The Court re-iterates that it is in the first place for the national authorities, and notably the courts, to interpret domestic law and the Court will not substitute its own interpretation for theirs in the absence of arbitrariness (see, mutatis mutandis , Tejedo Garcia v. Spain , judgment of 16 December 1997, Reports of Judgments and Decisions 1997-VIII, p. 2796, § 31). There is no indication in the present case that the applicant ’ s arguments were not duly examined by the German courts or that the interpretation of the relevant legal provisions was arbitrary or otherwise unfair and thus contrary to the requirements of Article 6 of the Convention.
Article 6 § 1 leaves to the State a free choice of the means to be used in guaranteeing litigants a right of effective access to a court and furthermore there is no obligation on the State to provide legal aid for every dispute relating to a “civil right” ( Airey v. Ireland , judgment of 9 October 1979, Series A no. 32 , pp. 12-16, § 26).

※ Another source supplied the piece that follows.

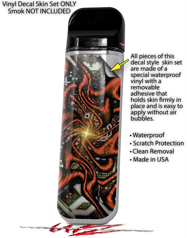 WraptorSkinz® skin wraps are printed using superb photo quality designs and vibrant colors printed with special fade resistant inks that last even in direct sun for years. WraptorSkinz are a composite of two layers of commercial grade materials. The bottom layer is a soft, flexible vinyl with a special removable adhesive that is easily positioned, applied without air bubbles. Next we print the bottom layer with UV protected, fade resistant inks that deliver superb photo quality designs in vibrant colors. Last, we bond a professional grade laminate over the entire skin adding a glossy protective finish. This product is not affiliated with or endorsed by the Smok brand.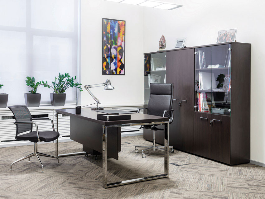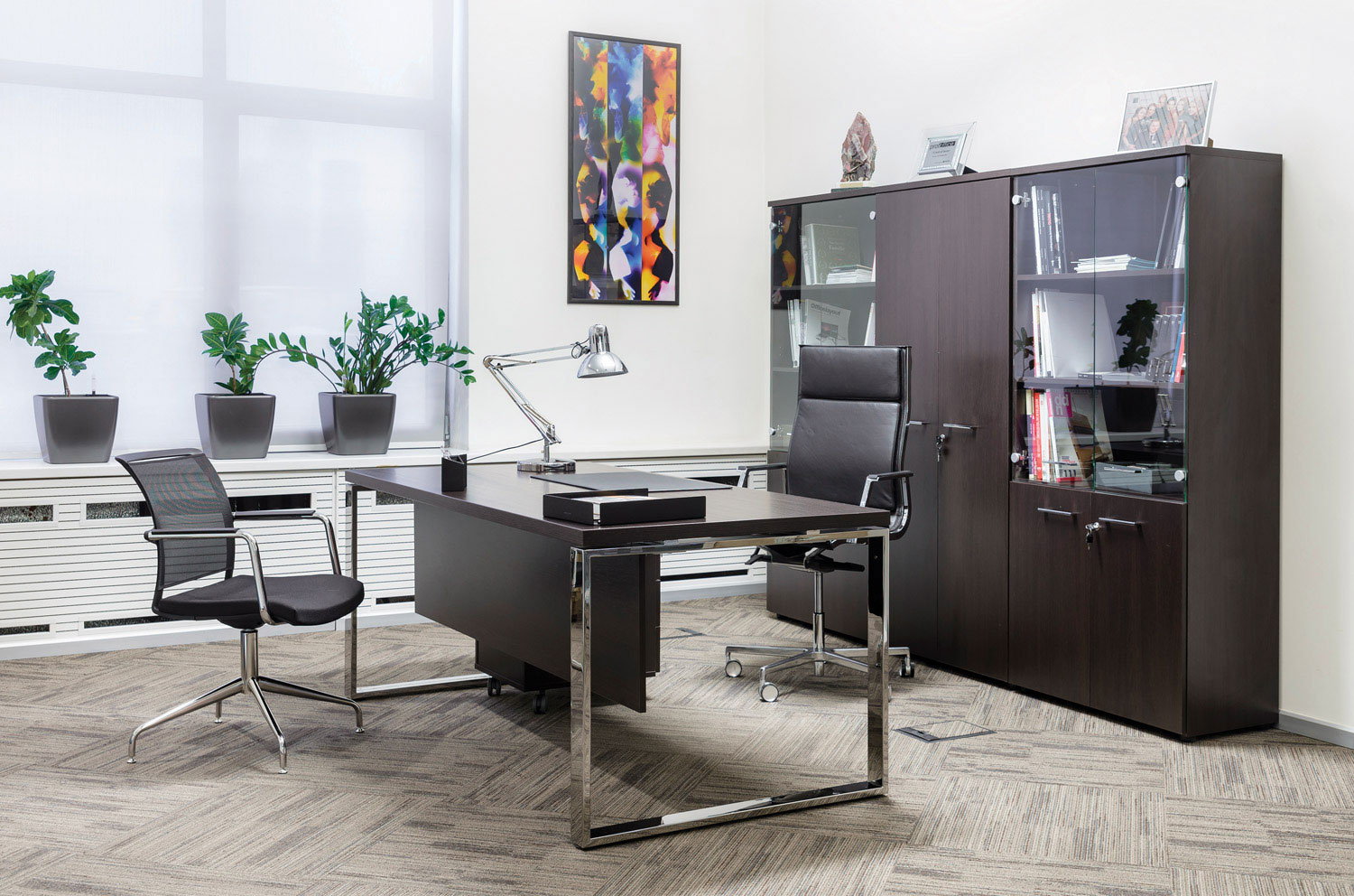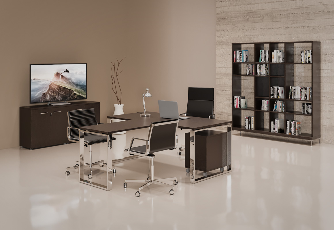 Кабинет "Rotonda" — воплощение стиля и надежности. Современный дизайн кабинета в сочетании с классическим натуральным цветом дерева придаст деловой вид вашему офису. Широкий выбор шкафов и несколько вариантов столов для переговоров делают этот кабинет универсальным.

It is self-evident that where a State chooses a legal aid system to provide access to court, such a system can only operate effectively, given the limited resources available, by establishing machinery to select which cases should be legally aided. Such limitations on the availability of legal aid, common to most Convention countries, often require a financial contribution or that the proposed litigation has reasonable prospects of success (see X v. the United Kingdom , no. 8158/78, Commission decision of 10 July 1980, Decisions and Reports (DR). 21, p. 95).
In view of the above circumstances, it cannot be said that the refusal of legal aid impaired the applicant ’ s right under Article 6 § 1 of the Convention in a manner that would her deprive of her right of access to a court.

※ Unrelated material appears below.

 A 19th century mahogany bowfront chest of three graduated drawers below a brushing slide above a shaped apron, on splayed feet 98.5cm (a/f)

It follows that this complaint is manifestly ill-founded within the meaning of Article 35 § 3 of the Convention and must be rejected in accordance with Article 35 § 4.
2. The applicant also complained of a difference in treatment deriving from the different views of regional jurisdictions in Germany on the question of legal aid in insolvency proceedings. To be granted legal aid depended thus on the geographical location of the person concerned. This difference in treatment from others in a comparable situation in their enjoyment of their right to access to court could not be objectively and reasonably justified. As a consequence, the refusal of legal aid to debtors without sufficient financial means deprived them of the possibility of obtaining the opening of insolvency proceedings and subsequently being granted a discharge of the residual debt.
The Court has examined this complaint under of Article 14 of the Convention taken in conjunction with Article 6 § 1.
Article 14 provides:
“The enjoyment of the rights and freedoms set forth in [the] Convention shall be secured without discrimination on any ground such as sex, race, colour, language, religion, political or other opinion, national or social origin, association with a national minority, property, birth or other status.”
The Court notes that legal aid has been refused for lack of sufficient prospects of success of the proposed insolvency proceedings. It finds no indication of discrimination as regards the application of this principle in the applicant ’ s case. Furthermore, this complaint is subsumed in her general complaint that she was denied access to court.
It follows that this part of the application is likewise is manifestly ill-founded within the meaning of Article 35 § 3 of the Convention and must be rejected in accordance with Article 35 § 4.
For these reasons, the Court unanimously
Declares the application inadmissible.